[Instructions for the task] After removing every image, reproduce the data exactly as it appears.

*** Opening of Dataset extract ***

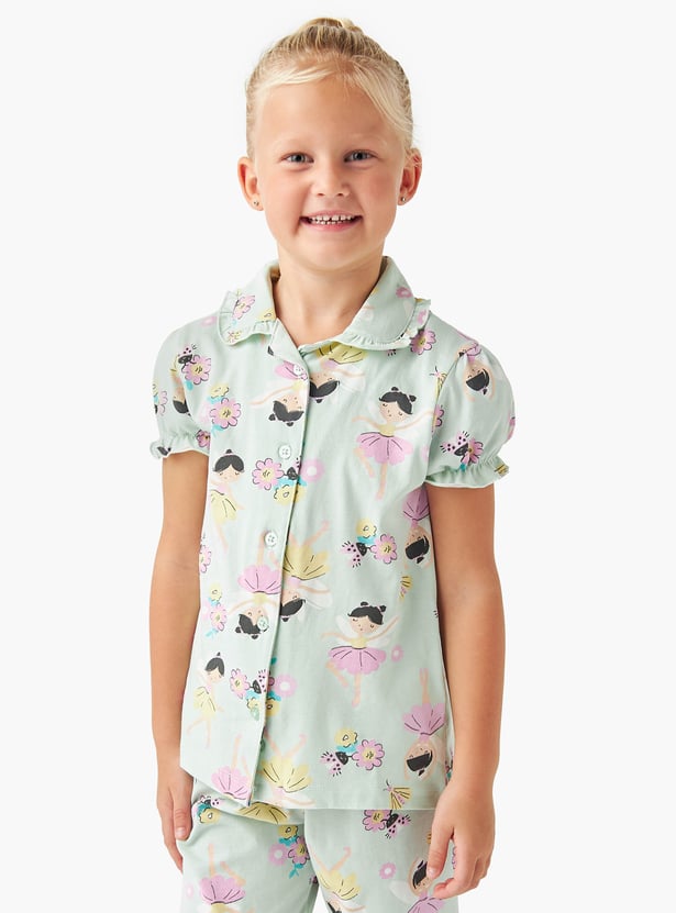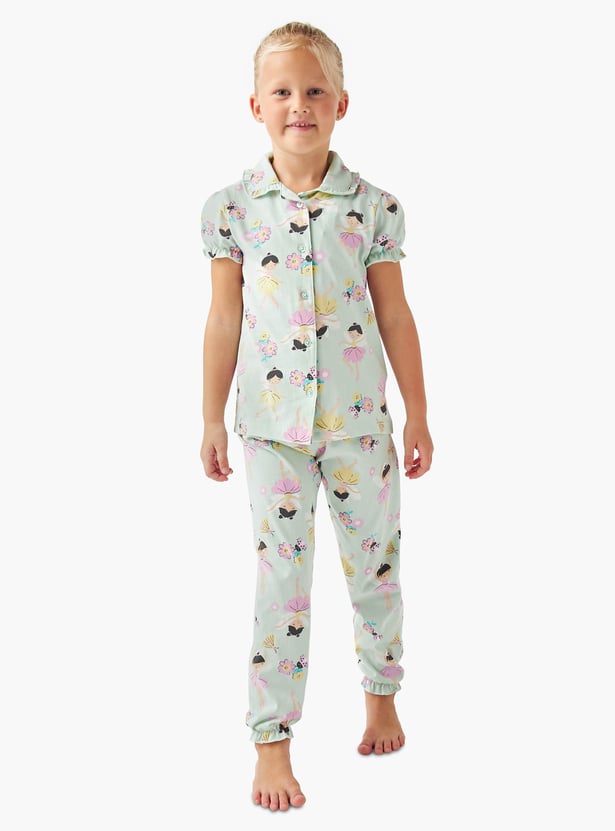This charming printed pyjama set ensures a comfortable night's sleep for your little one. Crafted from soft, breathable fabric, these pyjamas feature an all-over ballerina print. The elasticated waistband and cuffed sleeves offer a secure and snug fit. This delightful pyjama set is perfect for sweet dreams.
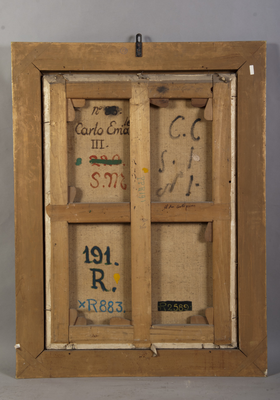 Ritratto maschile, a 3/4 circa di figura, testa quasi di fronte, in abito rosso con ricami in oro e camicia di pizzo chiara. Sopra l'abito indossa un corsaletto di corazza con finiture in oro, il collare dell'Ordine della SS. Annunzaita e una sciarpa azzurra legata ai fianchi. La mano sinistra sul fianco. Sul tavolo, ricoperto di damasco, è poggiato un cuscino su cui si trova la corona reale. Cornice in legno intagliata sui profili interni ed esterno e dorata
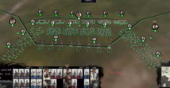 2将领各带3骑兵在两翼(开启自动拒绝单挑)。
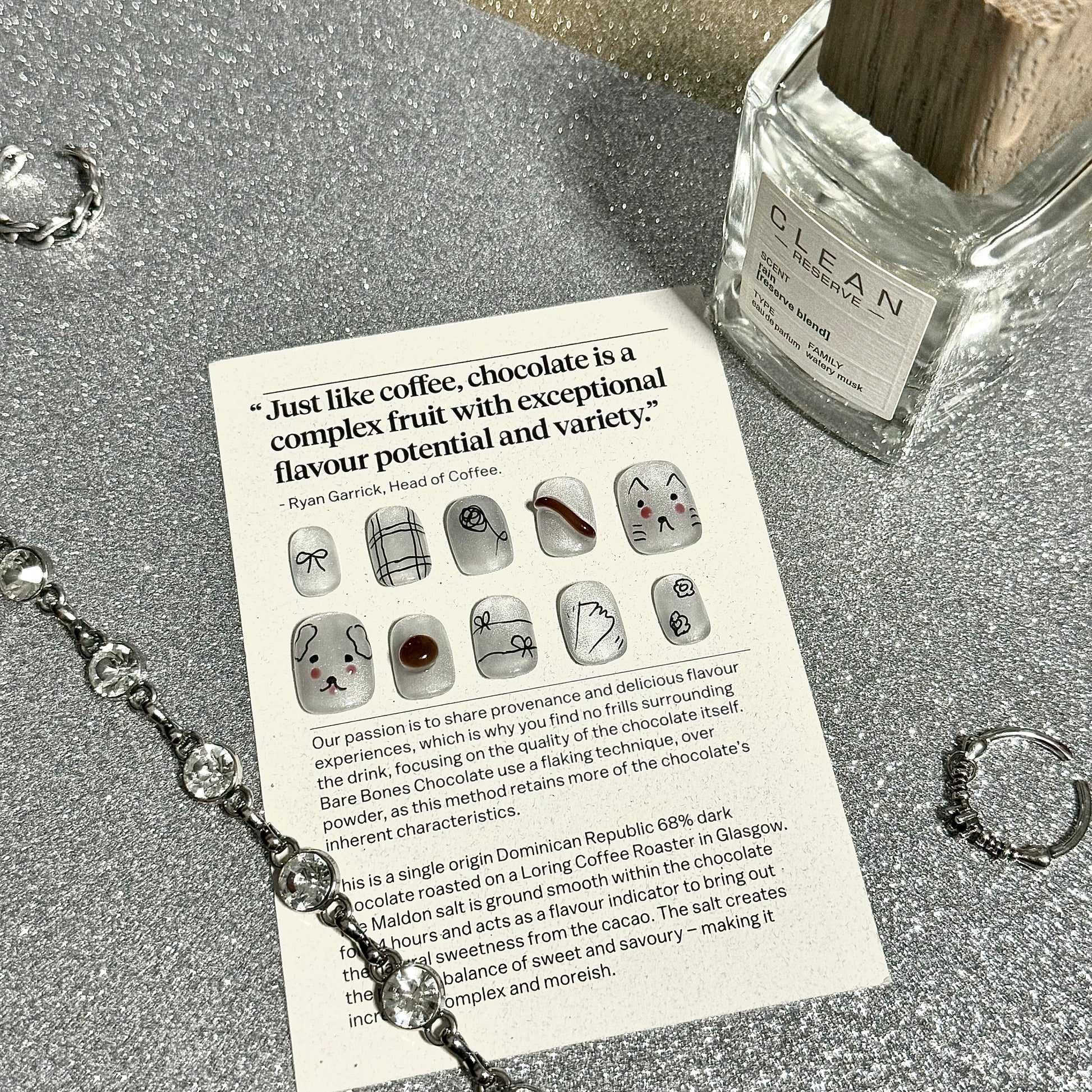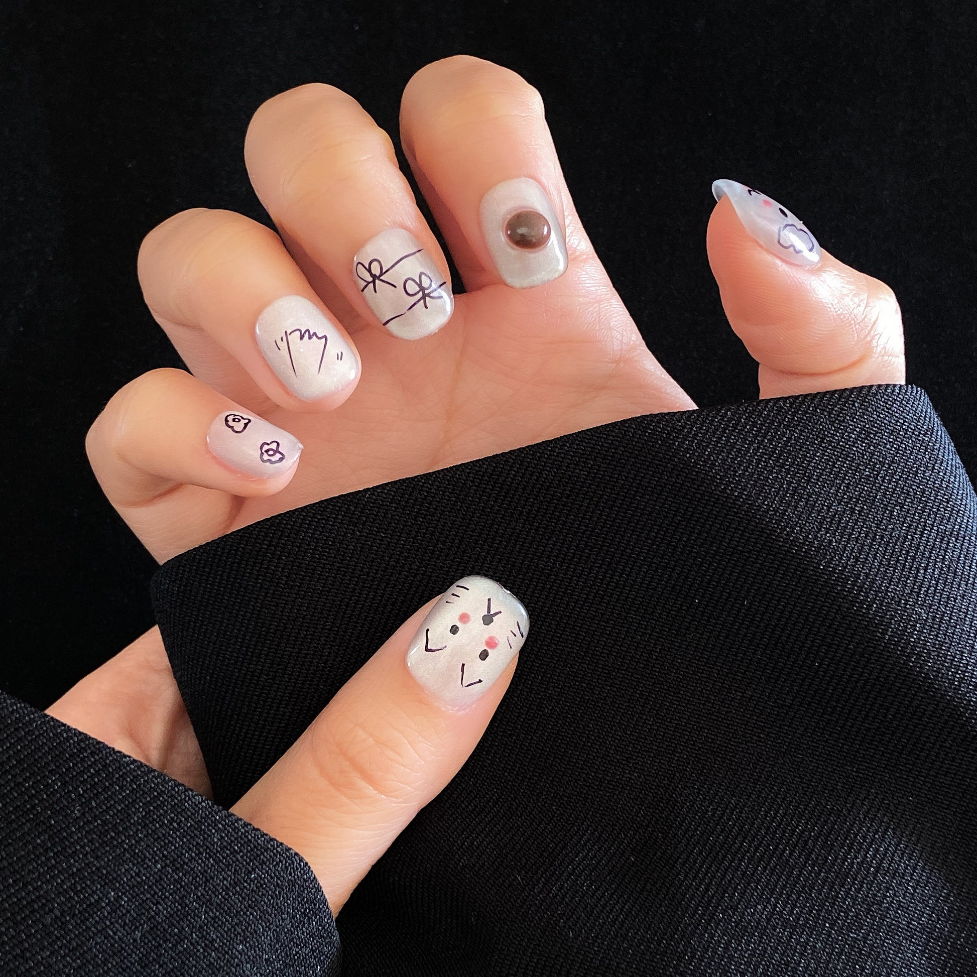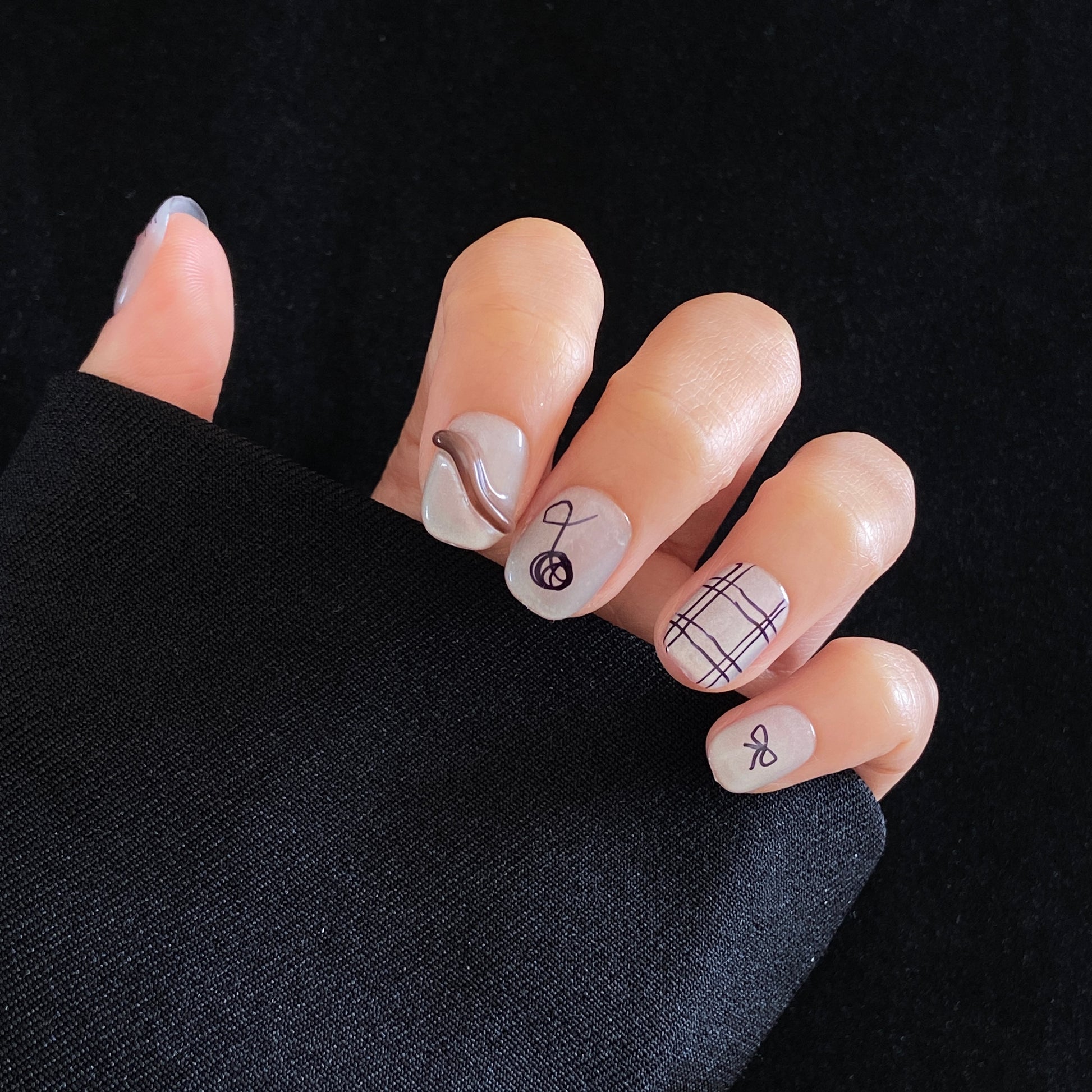 The first nail features a cute bear face with rosy cheeks.The second one has a simple plaid pattern.The third design shows a brown drip or line, resembling a melted substance.The fourth nail depicts a cute cat face with small details like blush and whiskers.The fifth nail has a rose illustration with thin lines and a soft floral aesthetic.

*** Close of Dataset extract ***

[Solution below]
This charming printed pyjama set ensures a comfortable night's sleep for your little one. Crafted from soft, breathable fabric, these pyjamas feature an all-over ballerina print. The elasticated waistband and cuffed sleeves offer a secure and snug fit. This delightful pyjama set is perfect for sweet dreams.
 Ritratto maschile, a 3/4 circa di figura, testa quasi di fronte, in abito rosso con ricami in oro e camicia di pizzo chiara. Sopra l'abito indossa un corsaletto di corazza con finiture in oro, il collare dell'Ordine della SS. Annunzaita e una sciarpa azzurra legata ai fianchi. La mano sinistra sul fianco. Sul tavolo, ricoperto di damasco, è poggiato un cuscino su cui si trova la corona reale. Cornice in legno intagliata sui profili interni ed esterno e dorata
 2将领各带3骑兵在两翼(开启自动拒绝单挑)。
 The first nail features a cute bear face with rosy cheeks.The second one has a simple plaid pattern.The third design shows a brown drip or line, resembling a melted substance.The fourth nail depicts a cute cat face with small details like blush and whiskers.The fifth nail has a rose illustration with thin lines and a soft floral aesthetic.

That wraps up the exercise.